I’m not too sure what the government bafoons thought would happen to these workers after land claims have been settled. Surely the farmer selling the land has no further commitment of employment to the workers, since the commercial farm is sold as going concern. It seems that the tribes receiving the land don’t necessarily want the labourers either, because they either have no intention of using the land as commercial farms, have no clue how to do so or just don’t want the previous labourers on the land. These people have nowhere to go and nobody to feed them, at least not in the way white farmers used to.
So, once again, the ANC manages to take something fully functioning and productive and turn it into crap.
DISGRUNTLED and famished, a community of mostly former farm workers in North West claims they have been abandoned after the farms they had worked and lived on were sold to the Bafokeng nation.
The Royal Bafokeng Administration bought the farm land in Rietvlei outside Rustenburg from the workers' employers.
According to the workers, they were told that it was agreed that a better place to stay would be found for them.
Twelve years down the line, about 800 people on these farms are living without electricity, running water and sanitation.
They live in one-roomed backrooms on different farms while their children walk long distances to schools.
They do not have access to health facilities, safety and security services and facilities like a police station, let alone social grants, as many do not have identity documents and birth certificates.

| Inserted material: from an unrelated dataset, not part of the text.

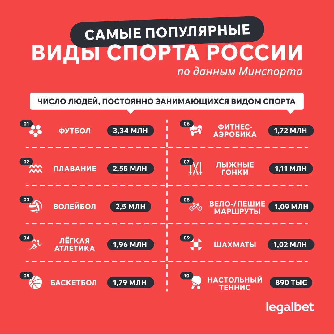 Лидирующую строчку в списке самых популярных видов спорта в России 2023, конечно же, занимает футбол. И это настолько ожидаемо и предсказуемо, что давать комментарии на этот счёт — значит, снова и снова повторяться. Сыграть в футбол гораздо проще, чем в хоккей. Профессиональным атлетом можно быть как с ростом 170, так и 190+ — в этом плане он более доступен, чем баскетбол и волейбол. И так далее, и так далее.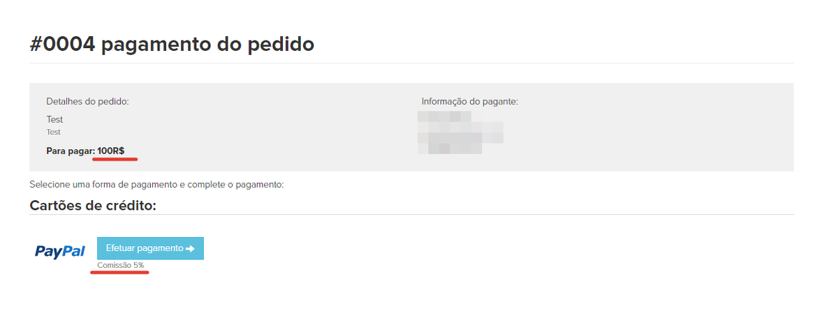Se uma comissão adicional para o usuário for indicada nas configurações do sistema de pagamento e o usuário tiver dinheiro no depósito, a comissão adicional é calculada de acordo com o tamanho da diferença entre o valor do pedido e o valor do depósito, no entanto, após o pagamento ser feito, nem todo o valor é debitado do depósito, mas apenas a diferença entre o valor do pedido e o tamanho do pagamento final (incluindo a comissão adicional)

Every day, most of the residents can be found basking in the sun with their hungry-looking children playing around them and the elderly drinking sorghum beer.
"It's how we live, daily," Nkadimeng Pine, 73, said. If the Bafokeng nation had not bought the land, we could still be employed."
Flora Ranou, a mother of six children and grandmother to 10, said: "We have lived like this for a long time. We are used to this lifestyle. It is hard and we wish to live like other people."
Rustenburg local municipality spokesman Peter Manzana said the municipality had agreed to provide the community with water on Tuesdays and Fridays.
Manzana said the people had refused to move to an alternative area with amenities, Tlaseng village, saying it was "far".
Manager at Royal Bafokeng Administration, Minah Huma, said they started purchasing the majority of plots in the Rietvlei area in 2001 with the aim of consolidating the Royal Bafokeng Nation's land.
She said after the conclusion of some of the transactions, it was discovered that the previous owners had left their workers on the plots. The Royal Bafokeng Nation then took a resolution to integrate them into it.